Apply a single dose of low-nitrogen, high-potassium fertiliser (e.g. tomato feed at half strength) in early spring. One feed per year is sufficient; excessive feeding reduces flowering and encourages lush, frost-susceptible growth. Apply a single dose of low-nitrogen, high-potassium fertiliser (e.g. tomato feed at half strength) in early spring. One feed per year is sufficient; excessive feeding reduces flowering and encourages lush, frost-susceptible growth. Treat that as sparingly through the growing season between spring through early autumn (roughly March to September); ease off in autumn and stop entirely in the low light of winter.

What strength of feed for pink vygie?

Half strength is the safe default for pink vygie — houseplant feeds are formulated strong, and the diluted dose is gentler on the roots while still ample for foliage.
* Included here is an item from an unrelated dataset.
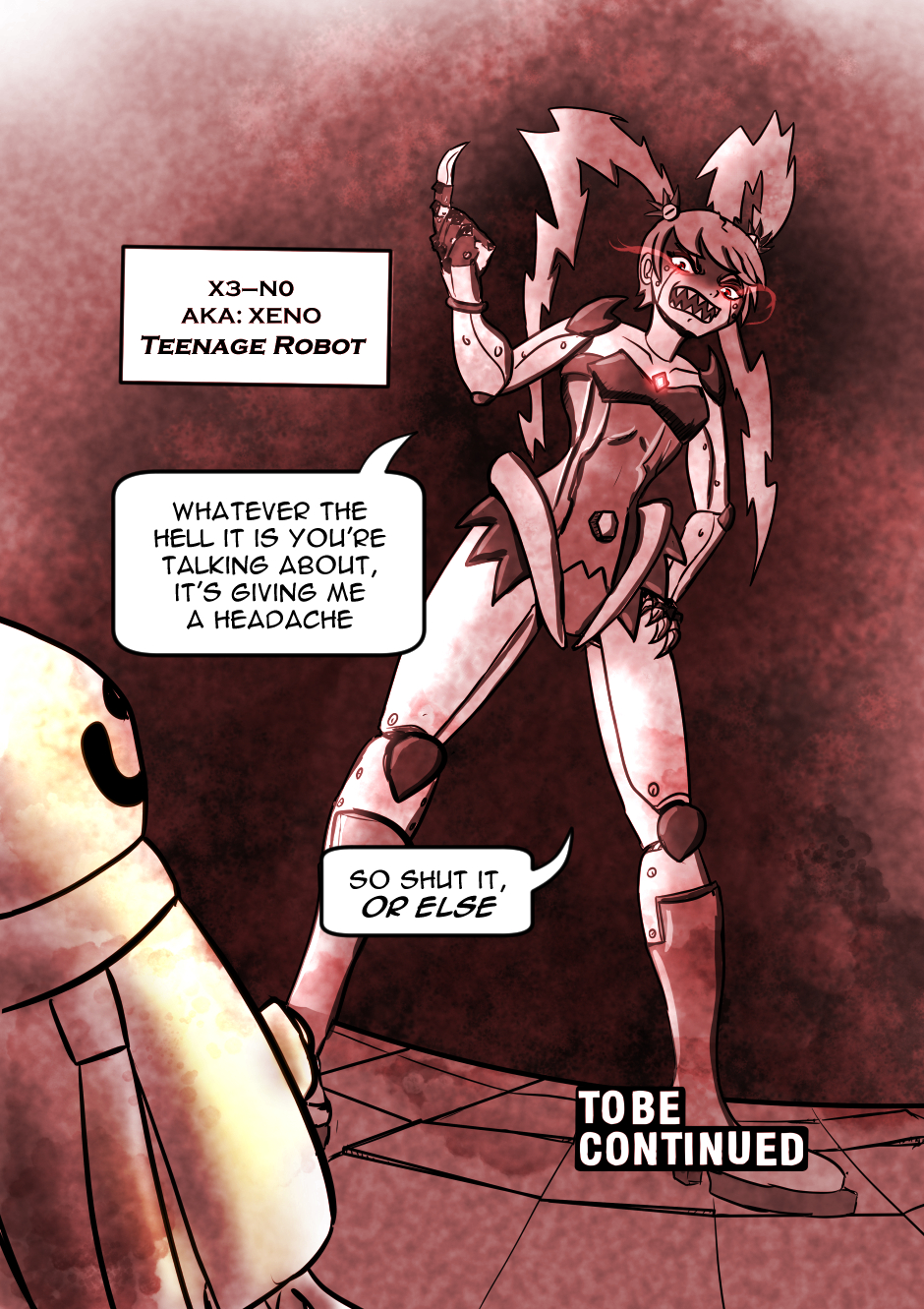 New comic! Still plan to work on Dragon's Bounty, but I had this idea of 'My Life As A Teenage Robot' but she's a bloodthirsty robot killer and had to start working on it.

What does over-feeding pink vygie look like?

Brown, crispy leaf tips and edges with no sign of underwatering. A white, crusty salt deposit on the soil surface or pot rim. Weak, pale, stretched new growth that flops. Lower leaves yellow and drop while the soil is correctly watered. Feeding pink vygie year-round on a fixed schedule, including dark winter months, is the most common mistake — it cannot use the nutrients in low light and the surplus simply burns the roots and crusts the soil.

Should I flush the soil of pink vygie?

Flush the pot of pink vygie with plain water until it runs freely from the base every couple of months in the feeding season — it washes out the fertiliser salts that cause brown tips.